On June 21st, at approximately 06:25 UTC, our system experienced a sudden increase in traffic to the systems responsible for the scheduling and delivery of incident notifications along with status updates. This was due to a wide-spread internet event that caused PagerDuty customers’ monitoring systems to generate a significantly higher-than-expected level of alerts. This elevated traffic stressed the services responsible for scheduling incident notifications and status updates past expected surge levels. 1.33% of incident notifications and 5.73% of status updates were delayed as a result.
Shortly after the surge decreased, our system was able to catch up to its expected processing levels. All queued incident notifications and status updates were processed and sent.

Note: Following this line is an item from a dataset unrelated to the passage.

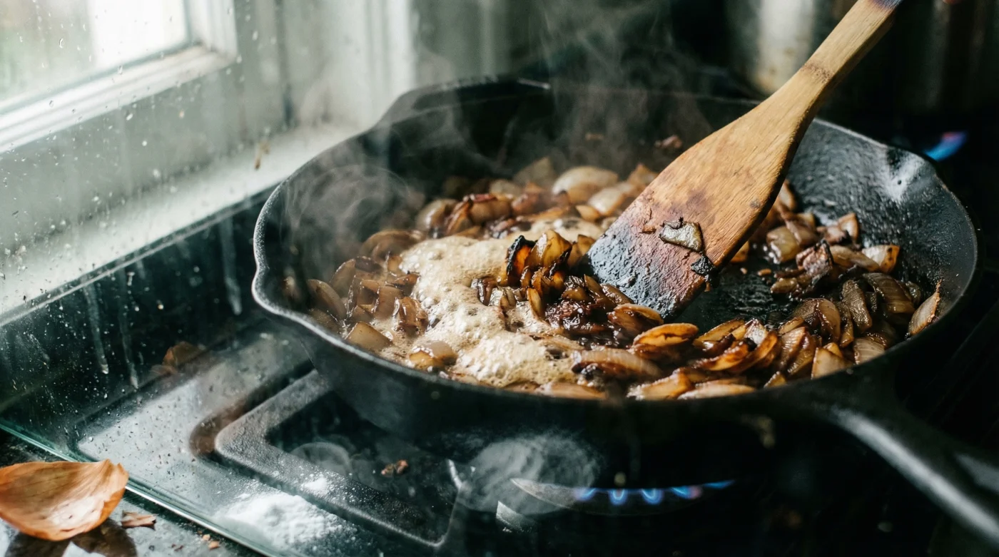 Step 1: The Initial Sizzle and Sear. Begin by slicing 500 grams of yellow onions uniformly. Ensure your slices are cut pole-to-pole (root to stem) rather than across the equator; this maintains structural integrity slightly longer, preventing absolute mush. Heat a heavy-bottomed frying pan (preferably cast iron or heavy-gauge stainless steel, avoiding reactive untreated aluminium) over a medium-high flame until it reaches approximately 170°C. Add 15 millilitres (one tablespoon) of neutral oil alongside 15 grams of unsalted butter. Introduce the onions and toss to coat, allowing them to sweat without interference for exactly 3 minutes.

New incident notifications and status updates were sent on time as of June 21st at 07:08 UTC.
To prevent internet-wide events from affecting the delivery of incident notifications and status updates in the future we are actively reviewing database resource utilization to ensure proper surge capacity. We are also implementing additional monitoring to detect burst events such as these in the future. Both of which will allow us to better protect our customers from future surge events.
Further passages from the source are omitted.